Ma non si fidava neanche di Dabi ancora.

-Nah. -il ragazzo scrollò le spalle. -Semmai sarebbe divertente farmi la ragazza di qualcun altro. -
Allungò la mano verso Rin e la posò sulla sua spalla. La spinse verso l'ascensore senza troppa forza.

-Non sono la sua ragazza... E non sognarti neppure qualcosa del genere. -Rin entrò nell'abitacolo con passi tremanti.
Possibile mai che desiderasse solo quello da lei? Nulla di più?
Rin si sarebbe aspettata qualcosa di più plateale e maligno: il suo aiuto, la sua collaborazione, ma no. Era davvero così inutile anche per uno come Dabi?
Indignata, incrociò le braccia al petto. Tuttavia la nebbia azzurrina rendeva difficile essere davvero arrabbiata; si accasciò contro una delle pareti dell'ascensore.

-Oh, mi dispiace per averti offesa. -la canzonò lui, bloccando le porte scorrevoli dell'ascensore con una mano, poco prima che si chiudessero, separandoli.
-Secondo me, se non l'avessi cacciato, quel tizio con cui sei uscita ti avrebbe seguita fin dentro al letto. Anche se sei ubriaca. -le mostrò un sorriso di scherno.
-Io sono un gentiluomo a confronto, Rin. -

-Fottiti. -iniziava ad accusare un mal di testa insopportabile. Si portò la mano sulla fronte mentre con l'altra si reggeva alla parete.

-Un'altra volta magari. -stese un braccio verso di lei, per essere sicuro che non cadesse in avanti.
-Sai, Rin... Stasera avrei davvero tanto voluto parlare con te di una cosa. -
Dabi si chiese se fosse il caso di dirglielo davvero: ci aveva riflettuto su e aveva deciso che le avrebbe detto solo roba vaga, giusto per tormentarla e incuriosirla.

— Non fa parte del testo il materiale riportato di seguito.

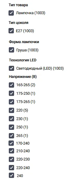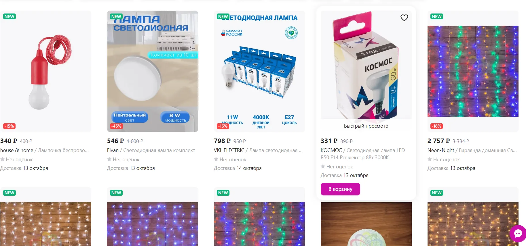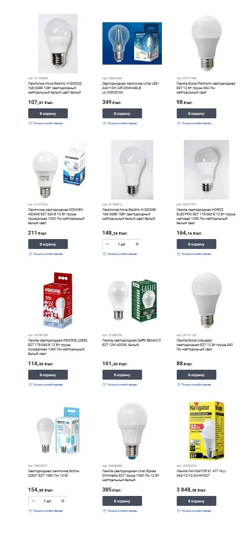 Теперь, предположим, хочу найти что либо новенькое среди ламп "груша" E27 12W 4000К

Rin inclinò la testa di lato, aspettando che Dabi continuasse a parlare.
Nella sua testa, c'era un eco molto più forte rispetto a quello che normalmente c'era nell'ingresso del condominio. La nebbia azzurrina si era dissipata solo leggermente.
-Cosa volevi dirmi? -

-Ti conosco, sai? Da prima che ci vedessimo nel vicolo. Mi ricordo di averti già incontrata. -
Per un attimo, Dabi si mise sull'attenti: aveva sentito una porta qualche piano in su aprirsi, segno che qualcuno stava per scendere. Sentì i passi sulle scale che si facevano piano piano più vicini.

Rin scosse la testa.
-Io non mi ricordo di te... -

-Oh, non puoi proprio. Tu sei la stessa da allora, io no. -Dabi si calò il cappuccio della felpa sulla testa e si alzò la solita vecchia mascherina nera, che Rin non aveva neppure notato.

-Mi conoscevi davvero poco per dire che sono ancora la stessa. -mugugnò. Quelle parole le lasciarono un sapore amaro in bocca.

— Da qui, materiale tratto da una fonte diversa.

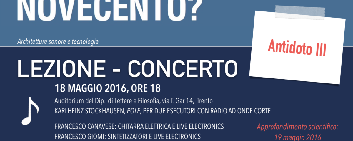 Terzo appuntamento dell’iniziativa “Chi ha paura del Novecento? Scienza e musica di ieri: quattro antidoti alla diffidenza”. Mercoledì 18 maggio alle ore 18:00 presso l’Auditorium del Dipartimento di Lettere e Filosofia dell’Università di Trento. In programma la lezione – concerto dal titolo “Architetture sonore e tecnologia”, che vuole fungere da terzo antidoto alla "paura" per il Novecento.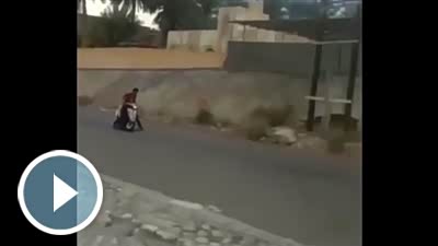 美女骑电车闯灯撞车 姿势奇葩笑死人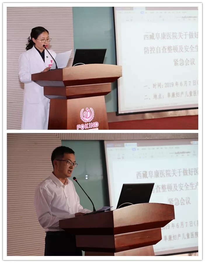 6月7日,西藏阜康醫院召集全院在崗中、高層領導在婦產兒童院區4樓會議室召開了關于做好醫院感染防控自查整頓及安全生產工作緊急會議。

-Può darsi. Magari un giorno ne riparleremo. -bisbigliò lui in risposta.
Chiunque stesse scendendo, si stava avvicinando troppo. Doveva andarsene.
-Sali a casa e non morire nel tragitto. -le ordinò. Lasciò andare le porte dell'ascensore e fece qualche passo indietro.

Rin premette il pulsante per il sedicesimo piano.
Non staccò lo sguardo dagli occhi cerulei di lui; vennero separati dalle porte scorrevoli che si chiudevano.